PQQ has two major effects that make it critical: it’s stimulatory to mitochondrial biogenesis. If you read my mitochondrial series from June of 2011, you will see why this is critical to reengineer a human to optimal. Since I have written extensively about leptin, energy efficiency is critical to optimization. If one is energy deficient due to leptin resistance (hormone cascade disruption) or due to poor mitochondrial function (inability to make energy well), there is little chance of getting someone to optimal quickly. My Leptin Rx solves the steroid cascade problem. PQQ is the tuneup that the furnace needs. Remember, our mitochondria are the engines that drive our metabolisms. If one is devoid of energy, we call that person a cadaver. If one is lacking energy, they are either leptin resistant or the owner of a bunch of bad mitochondria. Most people on a the Standard American Diet have a Nissan Sentra engine in their Ferrari body. There is a huge energy mismatch of what their bodies want to do and what they can do. This obviously affects basic functions and the ability to exercise, too.

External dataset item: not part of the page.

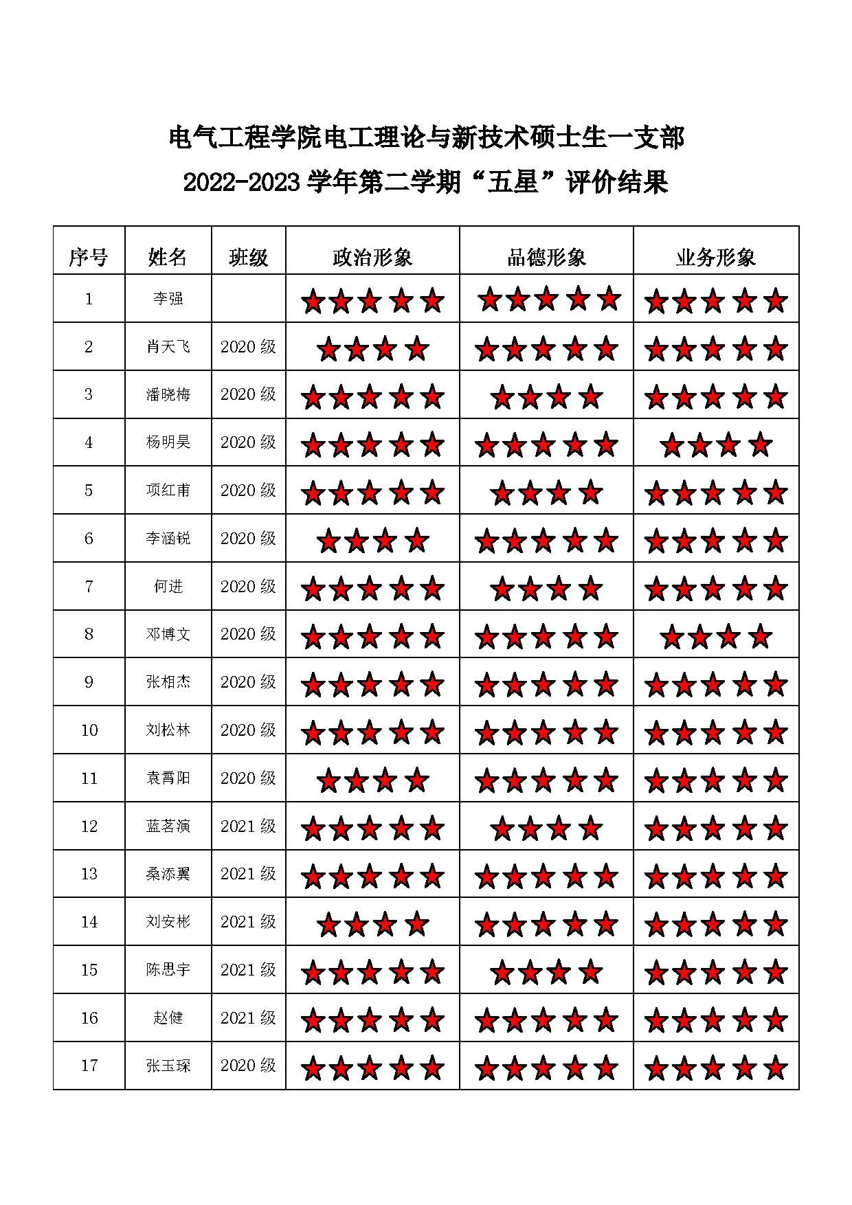 无码av 电工二支部 2022-2023学年第二学期“五星”评价结果

The second major effect of PQQ is glycation control from AGEs and ALEs. One of the under-appreciated benefits of going Paleo is the huge change in dietary carnosine intake. What is carnosine? Carnosine is a multifunctional dipeptide that interferes directly with the glycation process. Carnosine has been shown to inhibit glycation early on, thus helping protect us against further damage as we age. Carnosine is found in large amounts in red meat and seafoods. When one makes the change to Paleo, the substrate for electrons in our food is red, grass-fed meat/seafood loaded with carnosine. A person eating a Standard American Diet is filled with mitochondria not optimally equipped to handle an acute change to massive carnosine. Some other little known facts in our Paleo community about carnosine is that its levels fall off rather dramatically in humans as we age. It has also been shown in research that high levels of carnosine are also seen clinically in humans with long telomere lengths. Long telomere lengths indicate longevity.
Longer telomeres are directly tied to mitochondrial health and optimal functioning. This biology was worked out by Nobel Prize winner Elizabeth Blackburn’s lab at UCSF in 2009. Having great mitochondria is critical if you are going to make the superior substrate jump in a Paleo lifestyle. It makes no sense biologically to eat great if your body’s engine cannot harness that power to transform your health. I recommend a higher dose of PQQ for all Paleo patients: 20mgs a day. If I eat a lot of meat and coconut oil because I worked out hard, I will dose even higher.
6. Co-Enzyme Q10
This one should be obvious, given what I just told you about PQQ. CoQ10 is a co factor in mitochondrial electron transfer, and in many stress reactions biochemically in the body. The higher our Q10 levels in the plasma, the higher our zeta potential. This correlates to how well particles in suspension flow in a biologic system. The lower Q10 levels are, the more sticky things like LDL, platelets, RBCs, and HDL become. It means that LDL stays in the plasma too long because the LDL receptor in the liver is not as effective at grabbing it up from the plasma and it gets subjected to higher levels of oxidative damage because the lowered Q10 cannot buffer it from the oxidation. It then becomes oxidized and is deposited in arterial walls.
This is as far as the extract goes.